*** Records for the task ***

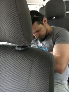 Notre voiture nous attends bien comme c’était prévu. Après quelques kilomètres, même si le paysage est magnifique tout le monde s’endort… Nous sommes partis Samedi 9 Juillet à 11h00 heure de Paris et nous sommes maintenant Dimanche 10 Juillet 12h40… La fatigue est bien là
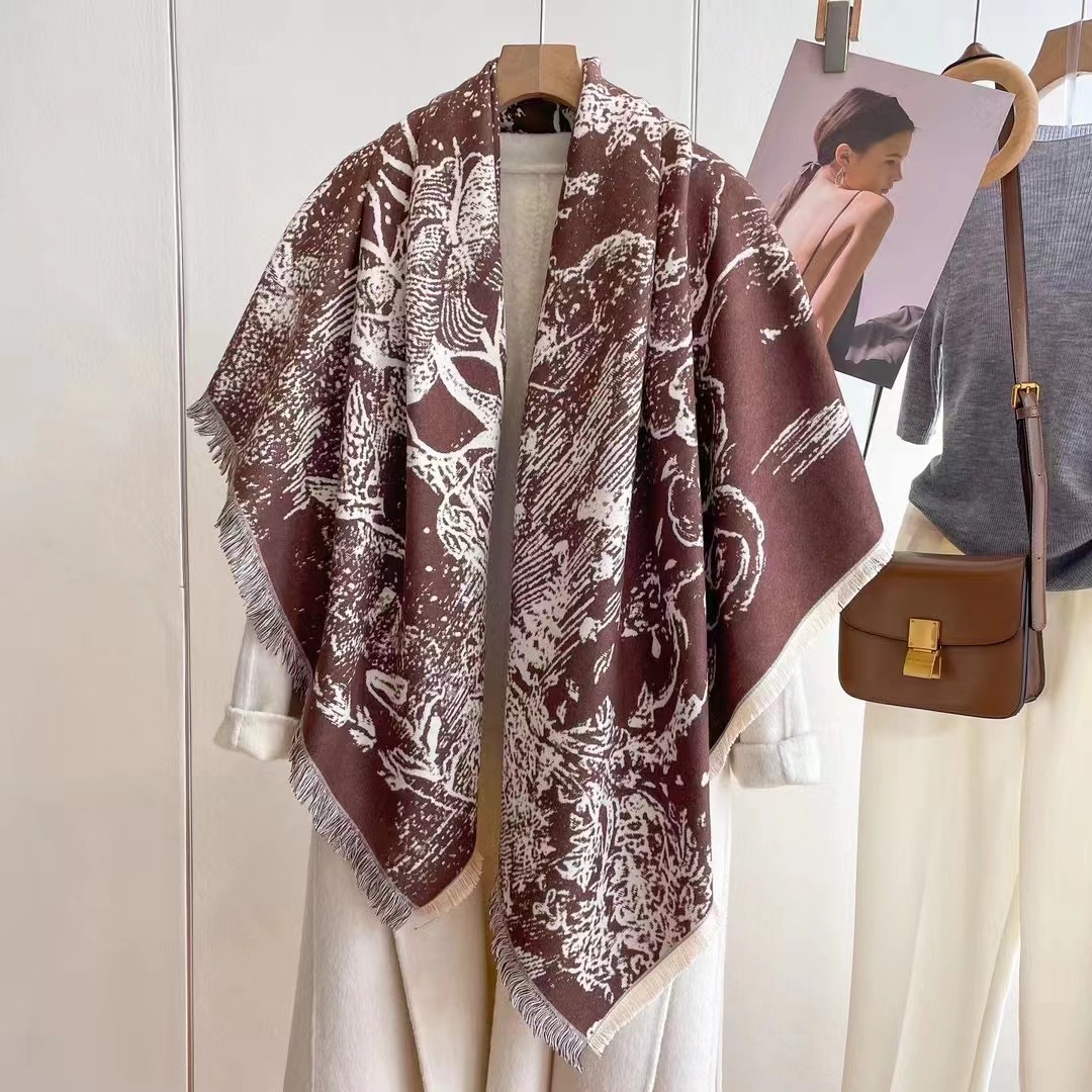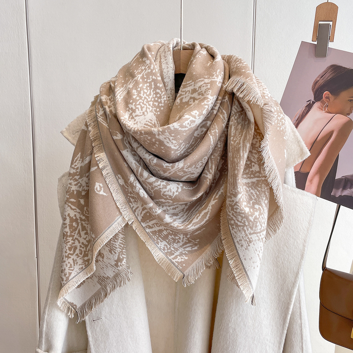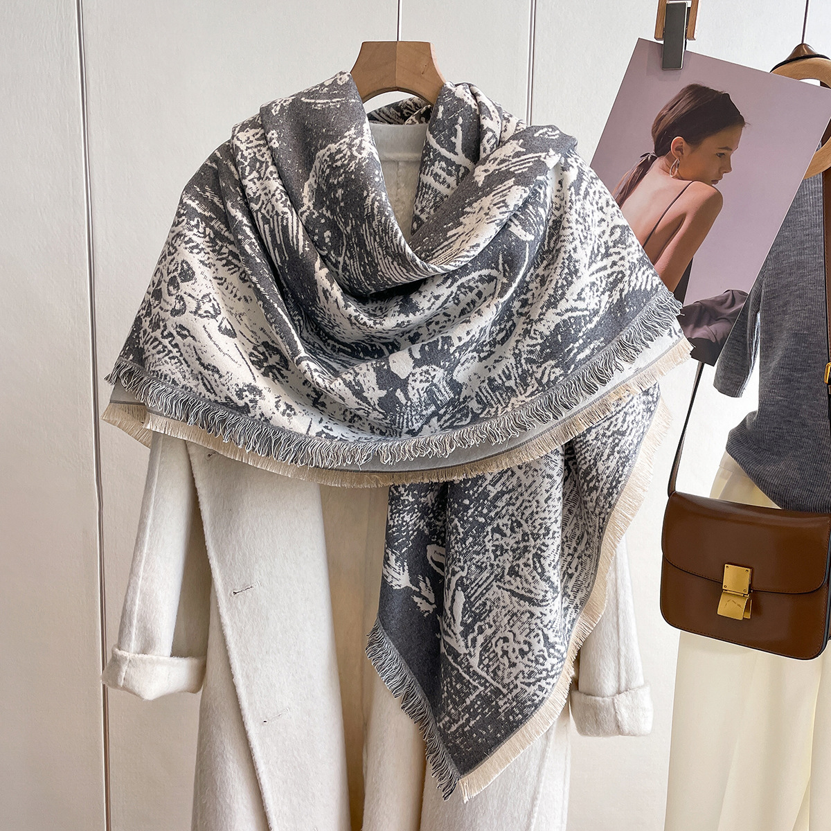 가을과 겨울 새로운 유럽과 미국 패션 두꺼운 따뜻한 스카프 간단한 다목적 식물 꽃 캐시미어 목도리 대외 무역
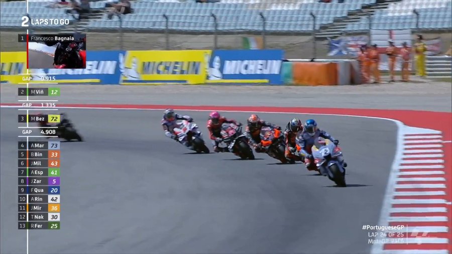 Με όλο αυτόν το χαμό που έγινε πίσω του, ο Πέκο Μπανάια είχε την ευκαιρία να αρχίσει να απομακρύνεται, αλλά δεν κατάφερε να την κεφαλαιοποιήσει γιατί ο ταχύτατος Μάβερικ Βινιάλες με την Aprilia βρέθηκε πίσω του και άρχισε να τον καταδιώκει με αξιώσεις.
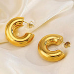 Unsere massiven Ringe sind mit 14K Gold überzogen und wasserfest. Setzen Sie ein mutiges Statement mit den Chunky Hoops Ohrringen, die mit 14K Gold überzogen sind. Diese beeindruckenden Ohrringe haben ein solides und modernes Design, das jedes Outfit aufwertet. Sie sind perfekt, um Ihrem Look mit einem modernen Akzent zu verbessern und kombinieren einen robusten Stil mit klassischer Eleganz.
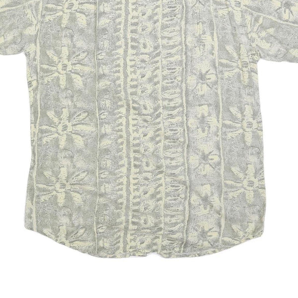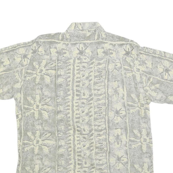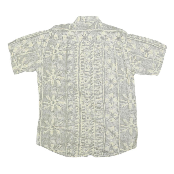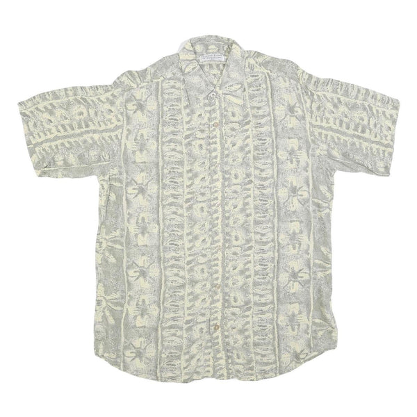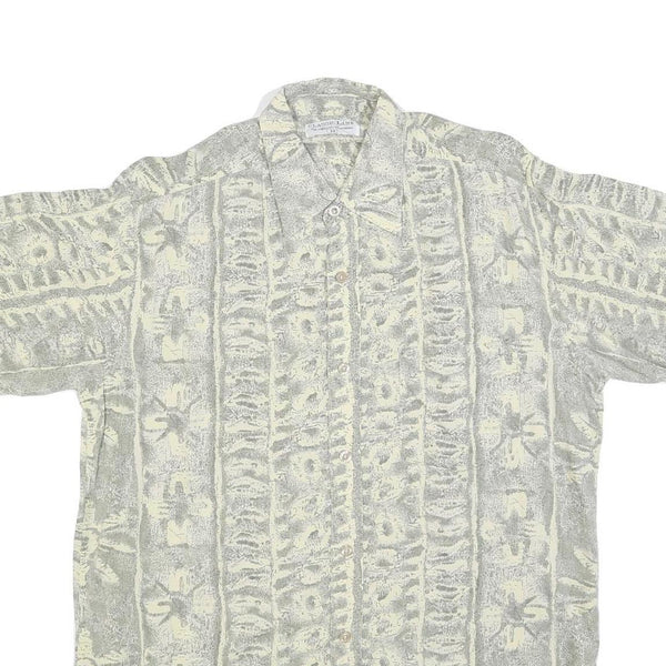CASUAL LINE Mens Cream & Grey Pattern Shirt M Short Sleeve Button Up Casual Wear
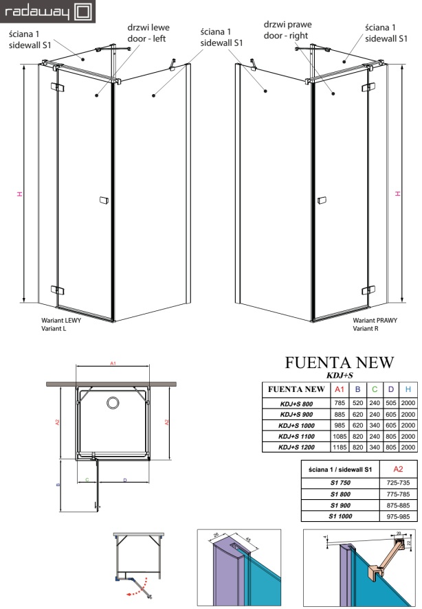 Душевой уголок Radaway Fuenta New KDJ+S 100x80 384022-01-01R+384051-01-01+384051-01-01, правый, с одностворчатой распашной дверью. Ширина входа-60.5 см. Для установки на поддон или непосредственно на пол. Безопасное закаленное стекло толщиной 6 мм. Латунная хромированная петля, оснащенная подъемно-опускным механизмом и системой позиционирования двери, гарантирует тихое открывание двери и долгосрочную службу нижнего уплотнителя. Пристенный профиль с регулировкой до 1 см. Петли изнутри вровень со стенкой, что облегчает очистку стекол. Магнитные уплотнители обеспечивает герметичность кабины. Уплотнители, устойчивые к изменению температуры и влаге. Внешняя маскировочная крышка пристенного профиля. Антигрязевое покрытие стекла EasyClean. Изображение и цвет на мониторе могут отличаться от оригинала. Комплектность:
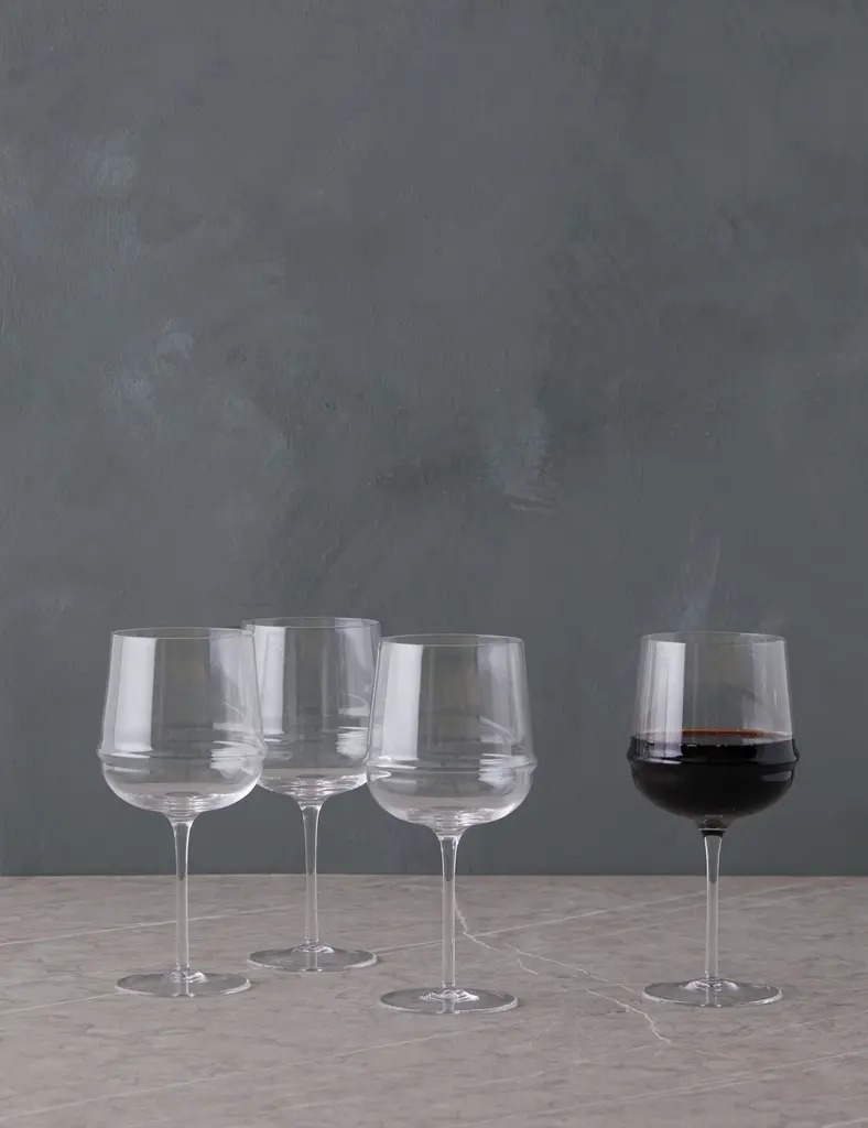 Red Hot Set Of 4 Pc Faceted Wine Glasses Glass
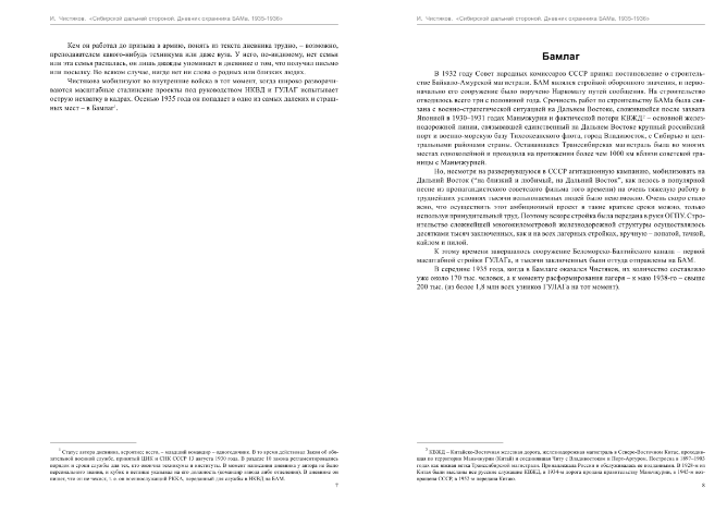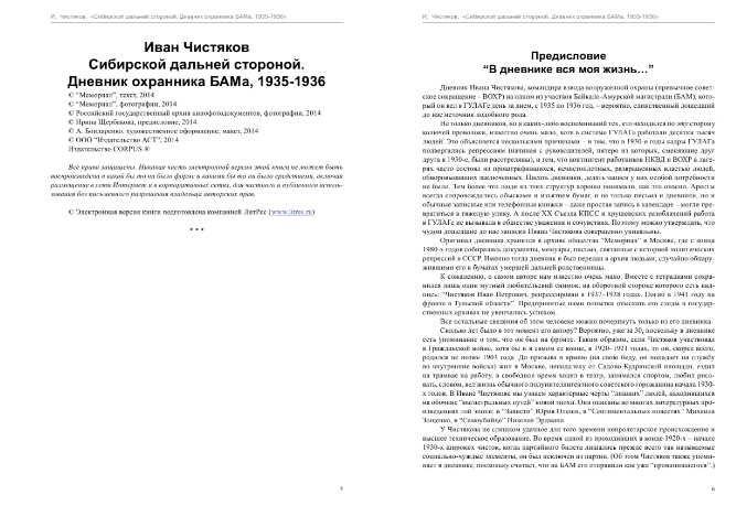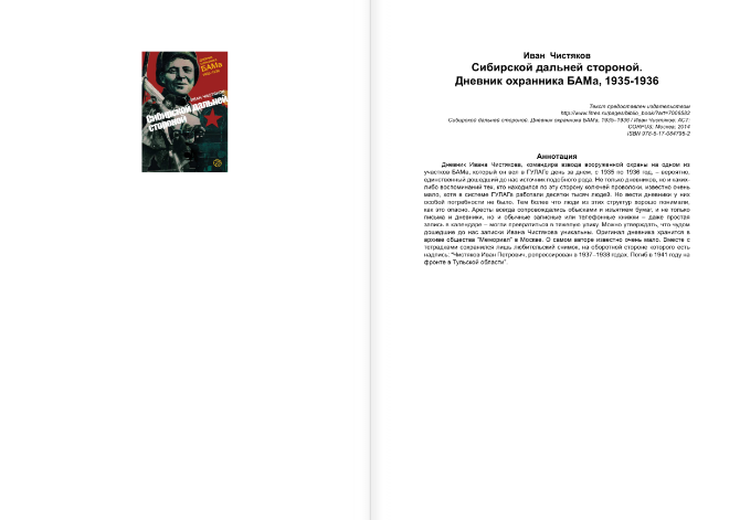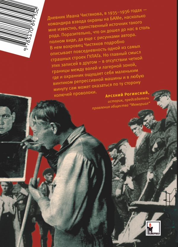 Дневник Ивана Чистякова, командира взвода вооруженной охраны на одном из участков БАМа, который он вел в ГУЛАГе день за днем, с 1935 по 1936 год, - вероятно, единственный дошедший до нас источник подобного рода. Не только дневников, но и каких-либо воспоминаний тех, кто находился по эту сторону колючей проволоки, известно очень мало, хотя в системе ГУЛАГа работали десятки тысяч людей. Но вести дневники у них особой потребности не было.

***

Look above for the line with "Душевой уголок Radaway" and the line with "Red Hot Set", then copy exactly the lines from the first through the second, both kept, with no pictures.

=== Response ===
 Душевой уголок Radaway Fuenta New KDJ+S 100x80 384022-01-01R+384051-01-01+384051-01-01, правый, с одностворчатой распашной дверью. Ширина входа-60.5 см. Для установки на поддон или непосредственно на пол. Безопасное закаленное стекло толщиной 6 мм. Латунная хромированная петля, оснащенная подъемно-опускным механизмом и системой позиционирования двери, гарантирует тихое открывание двери и долгосрочную службу нижнего уплотнителя. Пристенный профиль с регулировкой до 1 см. Петли изнутри вровень со стенкой, что облегчает очистку стекол. Магнитные уплотнители обеспечивает герметичность кабины. Уплотнители, устойчивые к изменению температуры и влаге. Внешняя маскировочная крышка пристенного профиля. Антигрязевое покрытие стекла EasyClean. Изображение и цвет на мониторе могут отличаться от оригинала. Комплектность:
 Red Hot Set Of 4 Pc Faceted Wine Glasses Glass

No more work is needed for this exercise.